_Assigned task_: Reproduce the entire listing exactly. Leave the pictures out.

_Records provided_:
....
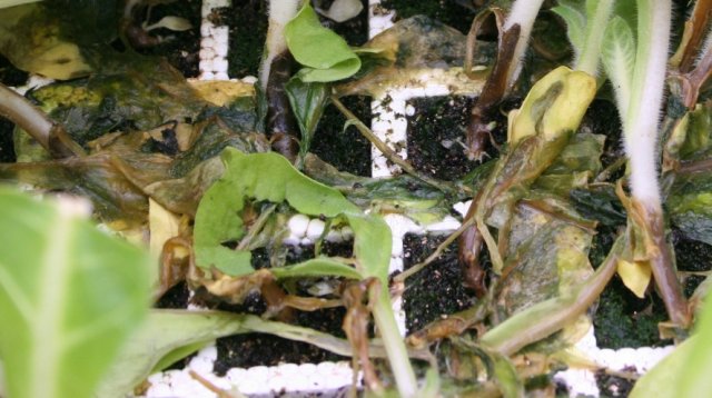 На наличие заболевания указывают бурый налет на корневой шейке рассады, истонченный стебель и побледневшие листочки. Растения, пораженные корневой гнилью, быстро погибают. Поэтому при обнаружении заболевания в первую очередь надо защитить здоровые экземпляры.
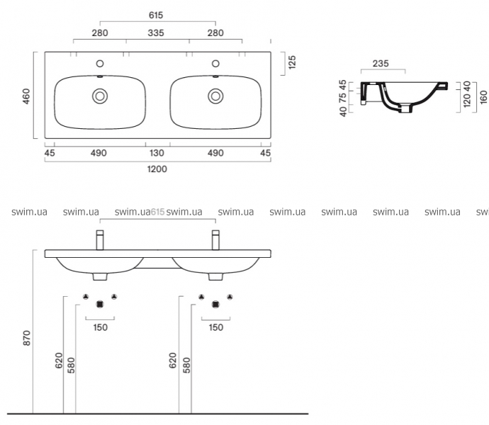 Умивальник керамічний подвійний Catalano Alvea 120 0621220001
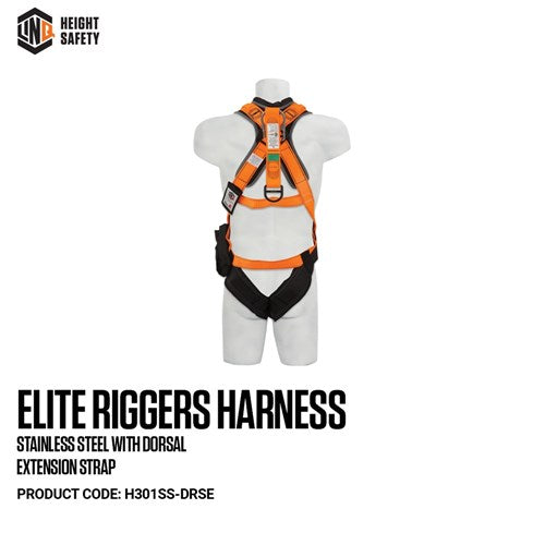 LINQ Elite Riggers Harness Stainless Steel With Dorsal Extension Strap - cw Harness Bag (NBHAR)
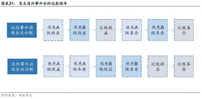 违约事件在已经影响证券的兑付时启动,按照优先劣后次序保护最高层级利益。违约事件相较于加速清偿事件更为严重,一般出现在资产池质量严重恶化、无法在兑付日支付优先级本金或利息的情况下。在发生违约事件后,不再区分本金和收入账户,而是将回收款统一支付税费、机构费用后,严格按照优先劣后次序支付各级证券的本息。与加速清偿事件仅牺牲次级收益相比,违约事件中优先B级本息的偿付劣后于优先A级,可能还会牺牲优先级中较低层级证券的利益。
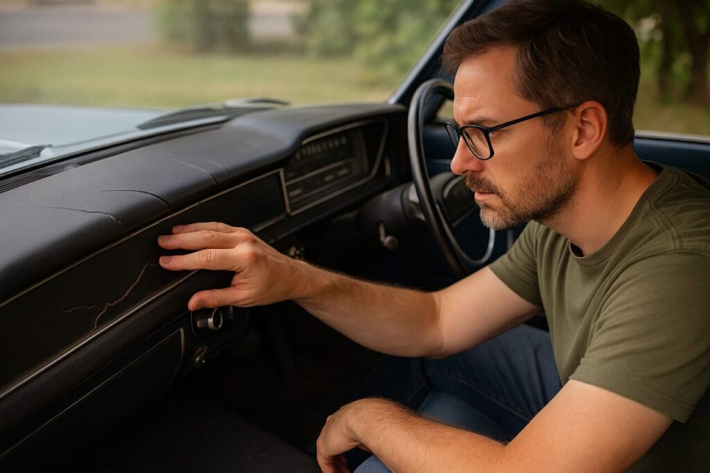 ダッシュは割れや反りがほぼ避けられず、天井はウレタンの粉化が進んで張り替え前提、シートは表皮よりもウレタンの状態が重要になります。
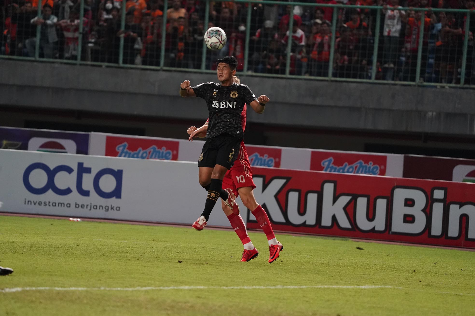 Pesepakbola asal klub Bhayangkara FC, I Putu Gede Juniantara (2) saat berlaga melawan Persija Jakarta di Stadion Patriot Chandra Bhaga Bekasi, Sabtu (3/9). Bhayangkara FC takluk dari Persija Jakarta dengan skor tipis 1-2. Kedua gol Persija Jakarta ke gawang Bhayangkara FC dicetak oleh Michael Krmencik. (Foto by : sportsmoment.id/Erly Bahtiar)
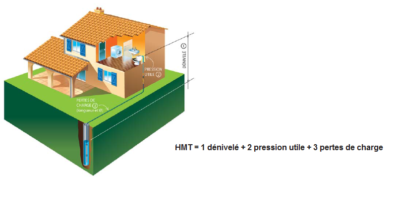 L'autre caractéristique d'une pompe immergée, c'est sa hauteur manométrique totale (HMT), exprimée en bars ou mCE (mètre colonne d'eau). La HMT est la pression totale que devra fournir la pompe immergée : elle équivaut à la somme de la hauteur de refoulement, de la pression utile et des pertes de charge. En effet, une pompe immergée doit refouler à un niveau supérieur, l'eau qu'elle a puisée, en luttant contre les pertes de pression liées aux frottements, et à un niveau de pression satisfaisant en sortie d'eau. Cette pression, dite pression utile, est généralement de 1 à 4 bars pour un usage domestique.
....
_Answer_:
 На наличие заболевания указывают бурый налет на корневой шейке рассады, истонченный стебель и побледневшие листочки. Растения, пораженные корневой гнилью, быстро погибают. Поэтому при обнаружении заболевания в первую очередь надо защитить здоровые экземпляры.
 Умивальник керамічний подвійний Catalano Alvea 120 0621220001
 LINQ Elite Riggers Harness Stainless Steel With Dorsal Extension Strap - cw Harness Bag (NBHAR)
 违约事件在已经影响证券的兑付时启动,按照优先劣后次序保护最高层级利益。违约事件相较于加速清偿事件更为严重,一般出现在资产池质量严重恶化、无法在兑付日支付优先级本金或利息的情况下。在发生违约事件后,不再区分本金和收入账户,而是将回收款统一支付税费、机构费用后,严格按照优先劣后次序支付各级证券的本息。与加速清偿事件仅牺牲次级收益相比,违约事件中优先B级本息的偿付劣后于优先A级,可能还会牺牲优先级中较低层级证券的利益。
 ダッシュは割れや反りがほぼ避けられず、天井はウレタンの粉化が進んで張り替え前提、シートは表皮よりもウレタンの状態が重要になります。
 Pesepakbola asal klub Bhayangkara FC, I Putu Gede Juniantara (2) saat berlaga melawan Persija Jakarta di Stadion Patriot Chandra Bhaga Bekasi, Sabtu (3/9). Bhayangkara FC takluk dari Persija Jakarta dengan skor tipis 1-2. Kedua gol Persija Jakarta ke gawang Bhayangkara FC dicetak oleh Michael Krmencik. (Foto by : sportsmoment.id/Erly Bahtiar)
 L'autre caractéristique d'une pompe immergée, c'est sa hauteur manométrique totale (HMT), exprimée en bars ou mCE (mètre colonne d'eau). La HMT est la pression totale que devra fournir la pompe immergée : elle équivaut à la somme de la hauteur de refoulement, de la pression utile et des pertes de charge. En effet, une pompe immergée doit refouler à un niveau supérieur, l'eau qu'elle a puisée, en luttant contre les pertes de pression liées aux frottements, et à un niveau de pression satisfaisant en sortie d'eau. Cette pression, dite pression utile, est généralement de 1 à 4 bars pour un usage domestique.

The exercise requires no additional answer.